The State first contends that the defendant waived this issue on appeal because he did not object to the introduction of the evidence in the trial court. Alternatively, the State asserts that the trial court properly admitted the vial into evidence because it was part of the res gestae of the crime and was also proper as evidence of the defendant’s guilty knowledge.
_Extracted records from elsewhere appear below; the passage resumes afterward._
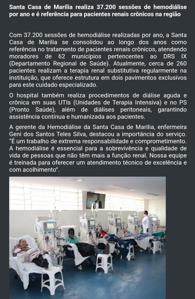 3) Santa Casa de Marília realiza 37.200 sessões de hemodiálise por ano e é referência para pacientes renais crônicos na região
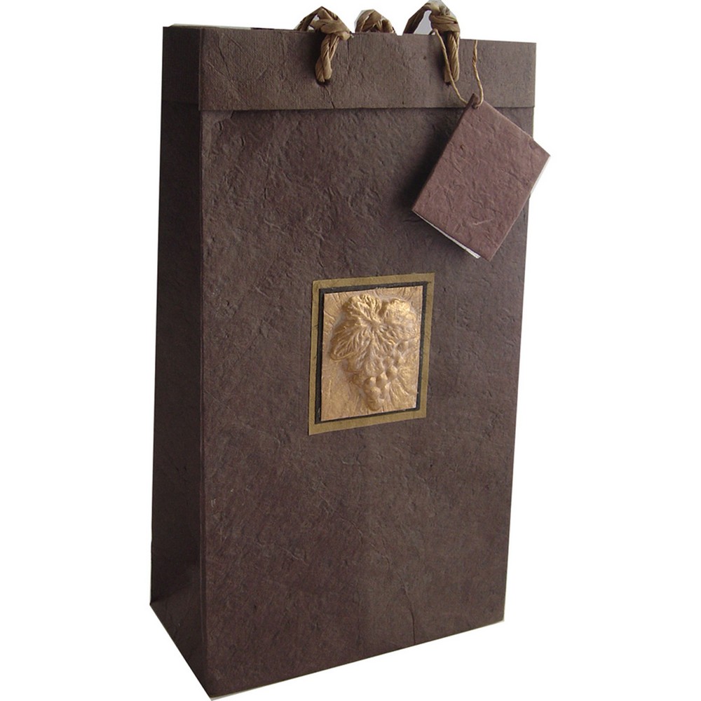 A Bella Vita Best Seller! Our chocolate brown handmade double bottle wine bag is elegantly embossed with a Tuscany grape cluster design that is a crowd favorite. Hand painted, these totes are eco friendly, sustainable, reusable, and features a compartment separator that folds out to protect each bottle. It's easy to see why these gift bags fly off the shelves!
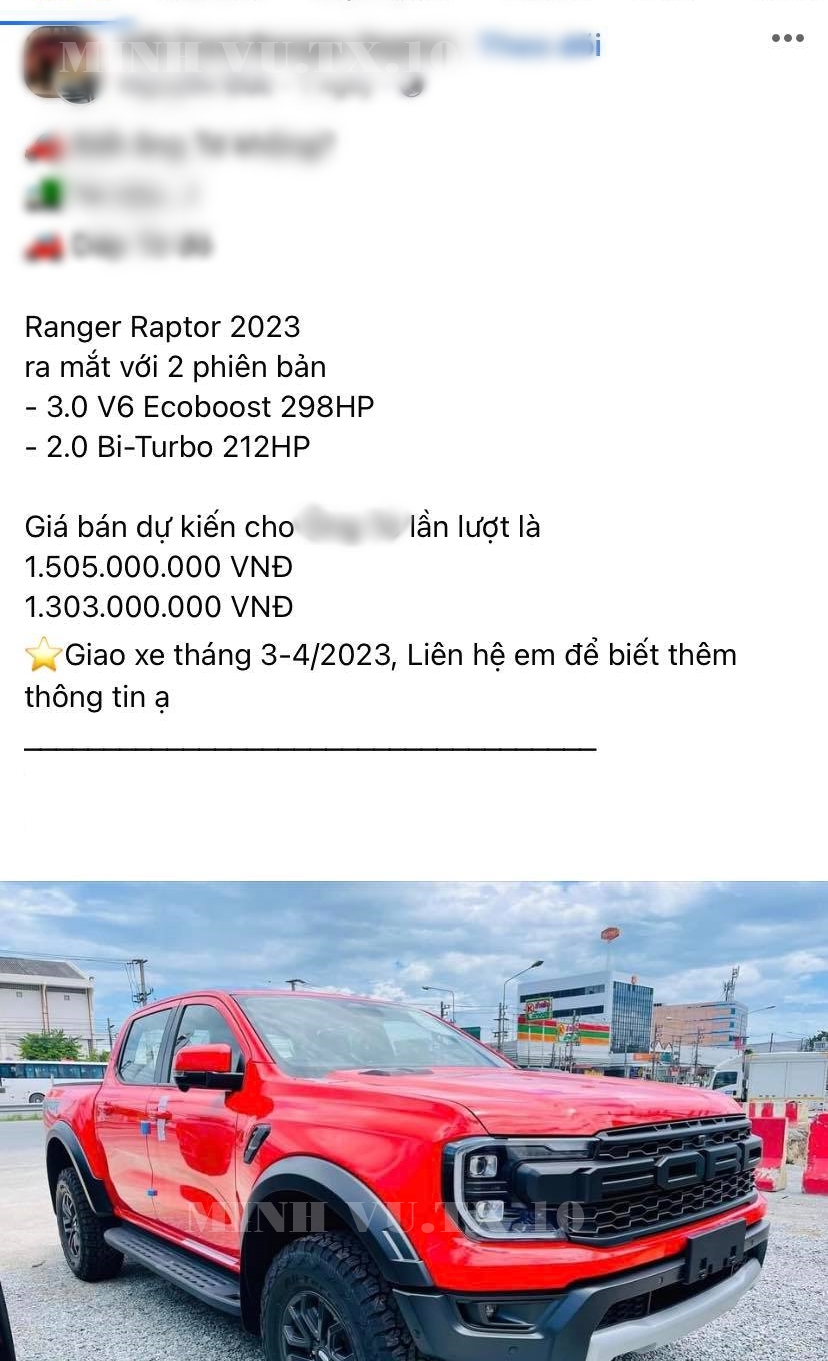 Trước đó, một số nhân viên tư vấn bán hàng của Ford tại Sài thành đã đưa ra mức cọc từ 20 triệu đến 50 triệu đồng, tùy theo độ thiện chí sẽ giúp khách hàng được ưu tiên sắp xếp trong nhóm được giao xe Ford Ranger Raptor 2023 đầu tiên.

We note that, as the State has contended, the defendant *647did not object at trial to the admission of the vial on the ground that he now proffers, i.e., that it was improper evidence of another offense. The defendant’s only objection at trial to the vial was based on a chain of custody argument. The first time the defendant objects to the vial’s admission as improper evidence of other offenses is in this court. The law in Illinois is clear that a party must make both a trial objection and a written post-trial motion raising an issue to preserve an error for review, when the alleged error could have been raised during trial. (People v. Enoch (1988), 122 Ill. 2d 176, 186, 522 N.E.2d 1124, 1130.) Here, since defendant could have raised this objection in the trial court and did not, we find that he has waived the issue on appeal.

However, assuming arguendo that the issue was not waived on appeal, we believe that the admission of the vial into evidence did not amount to prejudicial error. We agree with the State’s argument that the vial was part of the res gestae of his arrest for the crime of possession with intent to deliver. Evidence of other offenses may be admissible as part of the res gestae of the crime for which a defendant stands charged when the other offenses are introduced as part of the continuous narrative of events leading up to the defendant’s arrest. (People v. Demeron (1987), 153 Ill. App. 3d 440, 444, 505 N.E.2d 1222, 1224-25.) At a defendant’s trial, John Meyers, a forensic chemist for the Federal Drug Enforcement Administration, testified that the vial tested positively for the presence of cocaine. Furthermore, Officers Kinsella and Gorzkowski testified that they discovered the vial as they were searching defendant’s bags and that the discovery of the vial further aroused their suspicions that the defendant was carrying drugs, because they knew that vials such as this were used to hold cocaine. Accordingly, we find that the vial could properly be admitted into evidence as part of the res gestae of possession with intent to deliver, since it was part of the narrative of the events leading up to defendant’s arrest.

Finally, we also find that any error that may have occurred by the admission of the vial into evidence did not amount to reversible error. Where an allegedly erroneous admission of evidence of other crimes is unlikely to have contaminated the jury, the error is harmless and may be disregarded. (People v. Richardson (1988), 123 Ill. 2d 322, 343, 528 N.E.2d 612, 619.) In the Richardson case, our supreme court held that the admission of evidence of another crime did not amount to reversible error when there was no “extensive discussion” of the other crime. (Richardson, 123 Ill. 2d at 343, 528 N.E.2d at 619.) Here, as in Richardson, there was no extensive discussion of the co*648caine vial, and there was sufficient other evidence to warrant the defendant’s conviction. After reviewing the record, we conclude that the jury would have reached the same verdict even if the vial had not been introduced into evidence. Therefore, we find the admission of the vial was harmless and did not deprive the defendant of a fair trial.

For all of the foregoing reasons, the judgment of the circuit court of Cook County is affirmed.

Judgment affirmed.

MANNING, P.J., and O’CONNOR, J., concur.